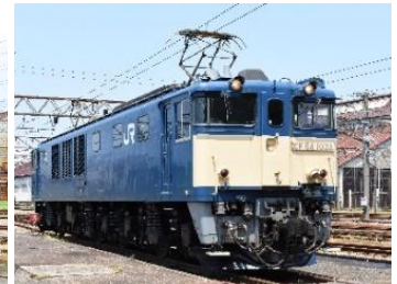
EF64形電気機関車 （双頭連結器）
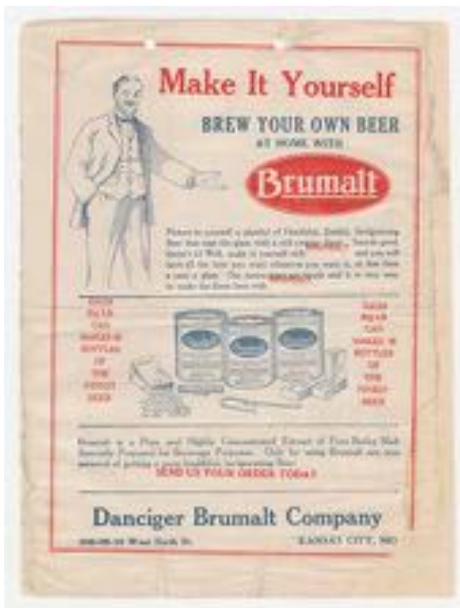
Slika 3: Recept za domače pivo. 55

a za dvajset tisoč družin, ki ne morejo dobiti stanovanja so dobre stare podrtje železniške barake. Taka je prohibicija z vsemi svojimi blagoslovi. 54
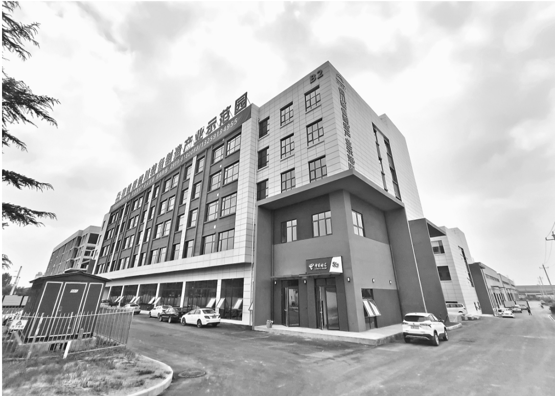
秦创原铜川装备制造产业示范园

近日,伴随着隆隆的项目建设和企业生产“协奏曲”,记者来到位于铜川高新技术产业开发区的秦创原铜川装备制造产业示范园。在这里,项目建设、设备进场、企业生产等工作同步进行着,处处都是一派热火朝天的忙碌场景。
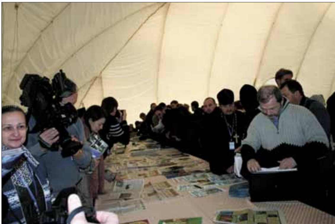
→ Выставка епархиальных газет и журналов
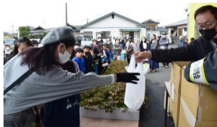
熱気を帯びたお楽しみ抽選会！
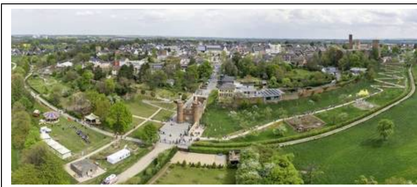
Park am Wallgraben

Nach etwa 1stündiger Fahrt waren wir schon am Ziel, und die Gruppe sortierte sich ziemlich zügig und je nach Lust und Laune in das weitläufige Parkgelände, galt es doch, ein reichhaltiges Angebot auszukundschaften:
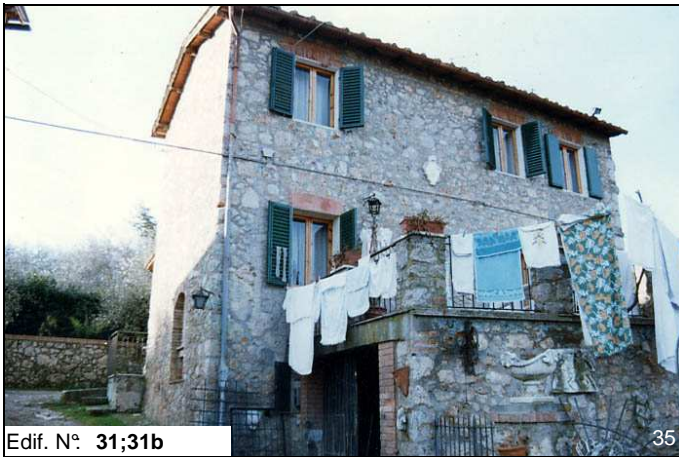
Edif. N° 31;31b
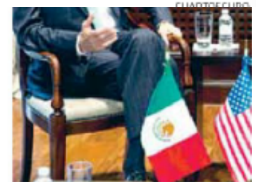
La visita del Secretario de Estado de EU, Jo sobre una relación bilateral en materia de e

No obstante, son metas ambiciosas—para no decir imposibles—dado el estado actual de movilidad estudiantil entre los dos países. Desde 2007, cuando el ex presidente Felipe Calderón lanzó una guerra contra los cárteles de drogas, el número de estadounidenses estudiando en México se ha desplomado—de unos 10,000 a 4,000 estudiantes, según el último reporte de IIE Open Doors. Como resultado, México ha dejado de ser el primer receptor de estudiantes estadounidenses en América Latina; hoy, ocupa el cuarto lugar, después de Costa Rica, Argentina y Brasil.
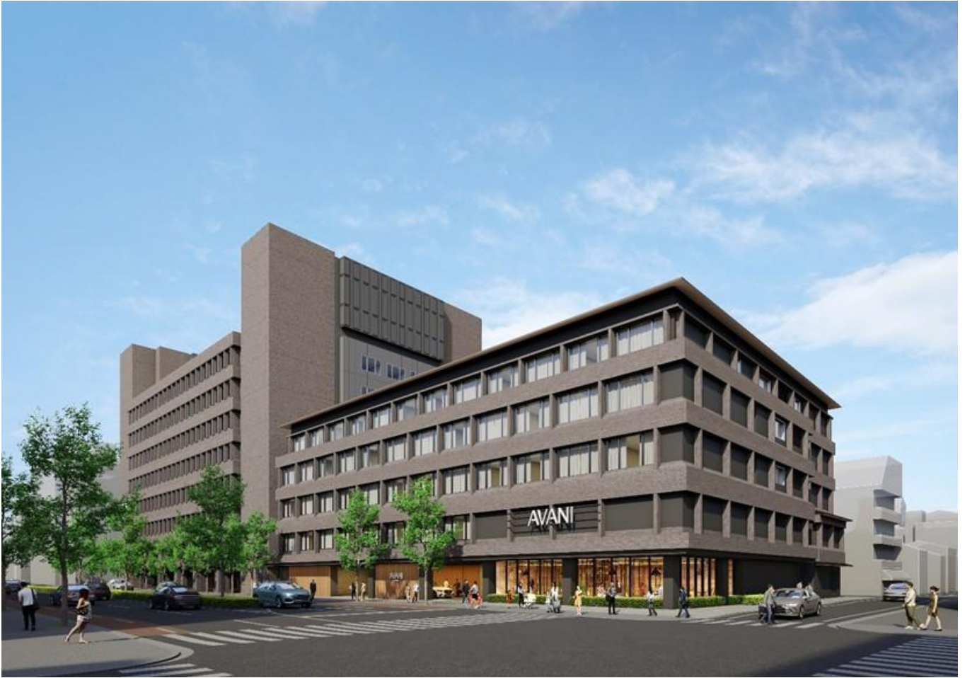
(仮称) Avani Kyoto (アヴァニ京都) の外観

※現時点の外観パースであり、今後の設計ならびに協議等により変更が生じる場合があります。
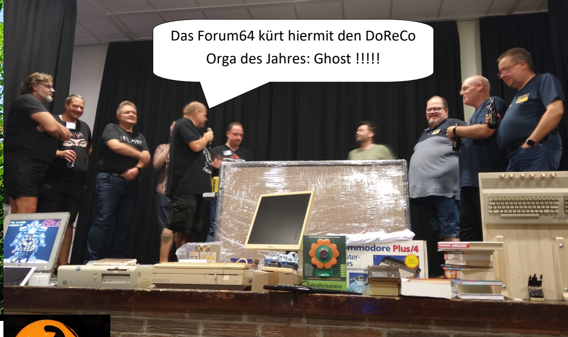
Das Forum64 kürt hiermit den DoReCo Orga des Jahres: Ghost !!!!!
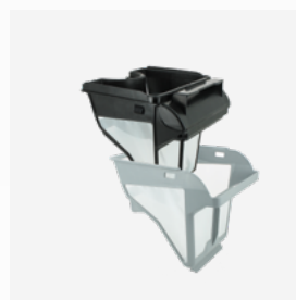
Bac filtrant Filtre double niveau : 150/60 µ
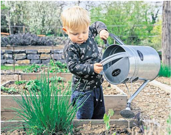
Die beste Zeit zum Gießen ist morgens.

Und noch ein Tipp, der Wasser und Arbeit – nämlich Rasenmähen – spart: Bleibt der Rasen etwas länger, wird Wasser besser gespeichert und verdunstet nicht so schnell. Hat man einen elektrischen Rasenmäher, spart man durch das seltenere Mähen zusätzlich noch Energie.
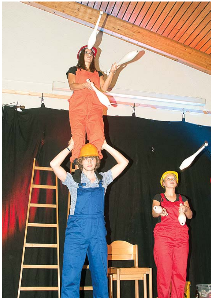
Auch die »Grufties«, ehemalige Casaniettos, zeigten, dass sie ihre Kunststücke noch beherrschen.
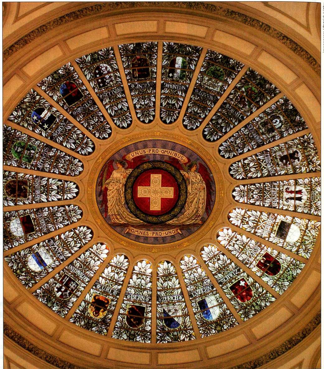
Vue de la coupole du Palais fédéral, avec croix suisse et armoiries cantonales.

Chaque parti dépose ses propositions auprès de l'autorité cantona-
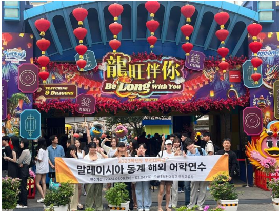
주말 일정. 선웨이 라군
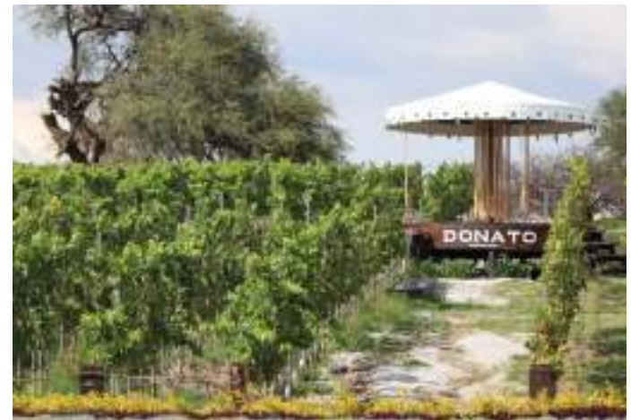
Adoptamos los objetivos de la estrategia estatal Ruta del Arte Queso y Vino.

Ruta Arte, Queso y Vino: Incluye Haciendas, Quebrías y Vinícolas
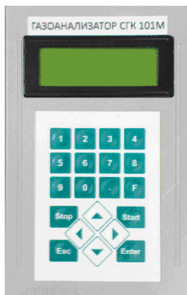
Рисунок 2 – Фотография внешнего вида измерительного модуля
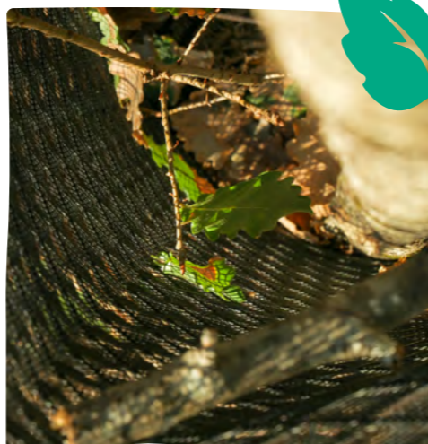
SUIVI DE PLANTS EN RÉGÉNÉRATION NATURELLE ASSISTÉE

Dans le Tarn et Garonne, trois propriétaires se sont lancés avec nous dans l'aventure de la Régénération Naturelle Assistée . Cette démarche, nouvelle pour nous dans cette région, montre combien les contextes et les dynamiques de végétation peuvent varier d'un département à l'autre. Nous avons découvert ensemble l'importance de s'adapter à chaque écosystème pour mieux le régénérer .
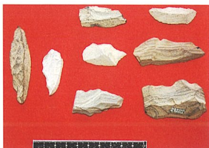
瀬戸内系石器群(直坂II遺跡)
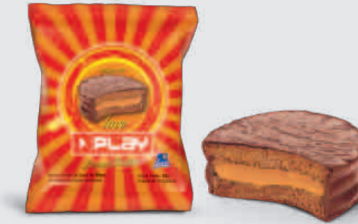
ALFAJOR PLAY LOVE
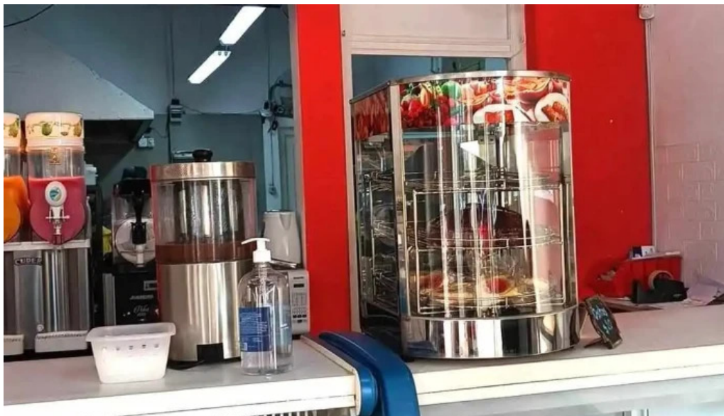
Kazoku cafeteria rotiseria churreria ambiente
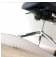
Alfombrilla con lengüeta para moqueta Square chairmats (carpets)
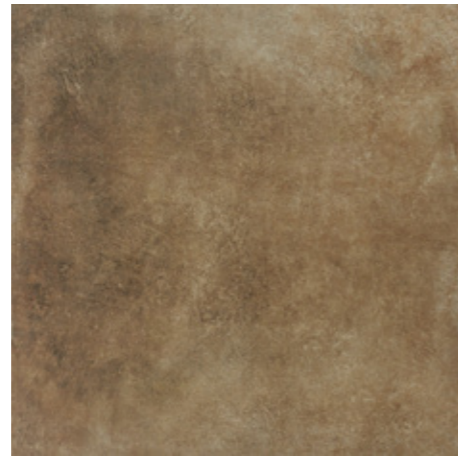
Y-ONE 338 terra | terra | terre 60 x 60 cm
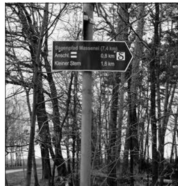
Neues Logo für den Sagenpfad

durch die Mitarbeiter des Technischen Dienstes der Stadt Großröhrsdorf mit 101 Pfosten, 175 Wegweisern und über 400 Markierungszeichen neu versehen. Auch der bereits bestehende Sagenpfad im Massenei-Wald durfte sich über ein neues Logo freuen. Die Finanzierung der Beschilderung erfolgt zu 80 % über das Regionalbudget der Region Westlausitz. Den Rest trägt jede Kommune separat. So waren in Großröhrsdorf rund 7.000 € Materialkosten für das Projekt notwendig, wovon die Stadt selbst 1.400 € plus die Arbeitsleistung des Technischen Dienstes trägt.
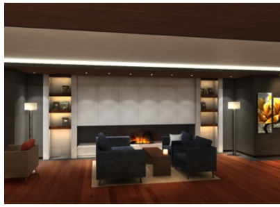
夜景も望めるピアノバー
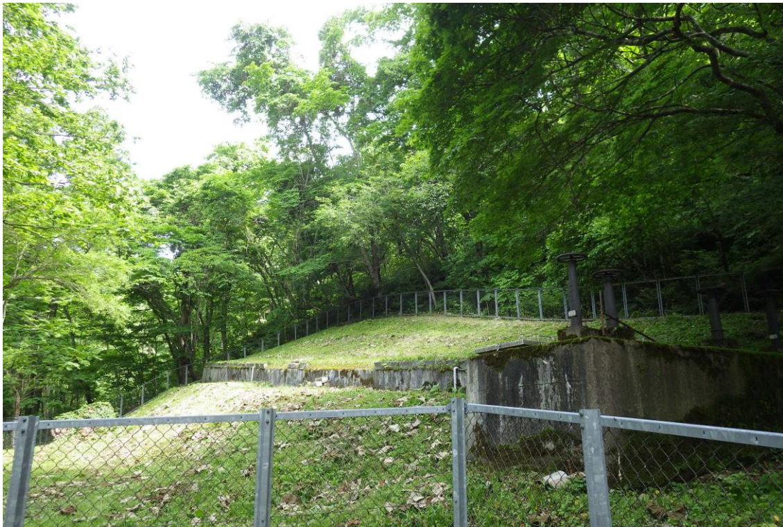
大中山第1水源全景
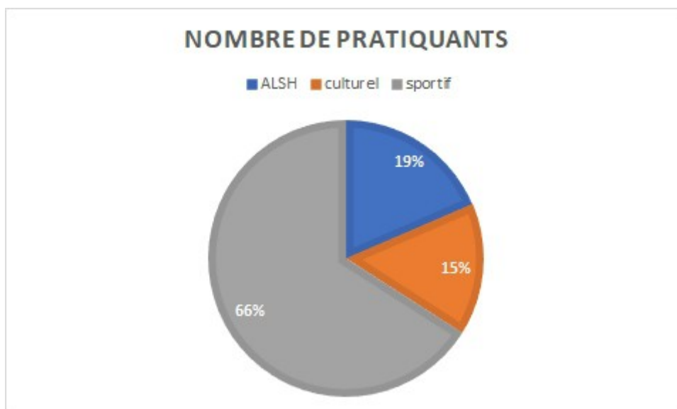
Figure 1 : proportion des adhérents et pratiquants par secteur
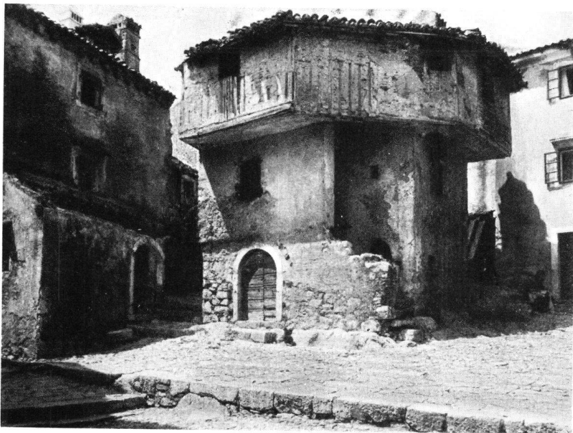
Alte Türkenwohnung bei Kotor

20. März mitzuteilen. Nach diesem Termin können Anmeldungen nicht mehr entgegengenommen werden.
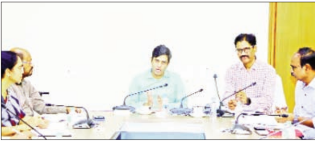
యాదాద్రి భువనగిరి బ్యూరో ప్రభాతవార్త

-*-

About this task
From the material above, report how many lines contain the word "Queso", giving only the number.

Response area
2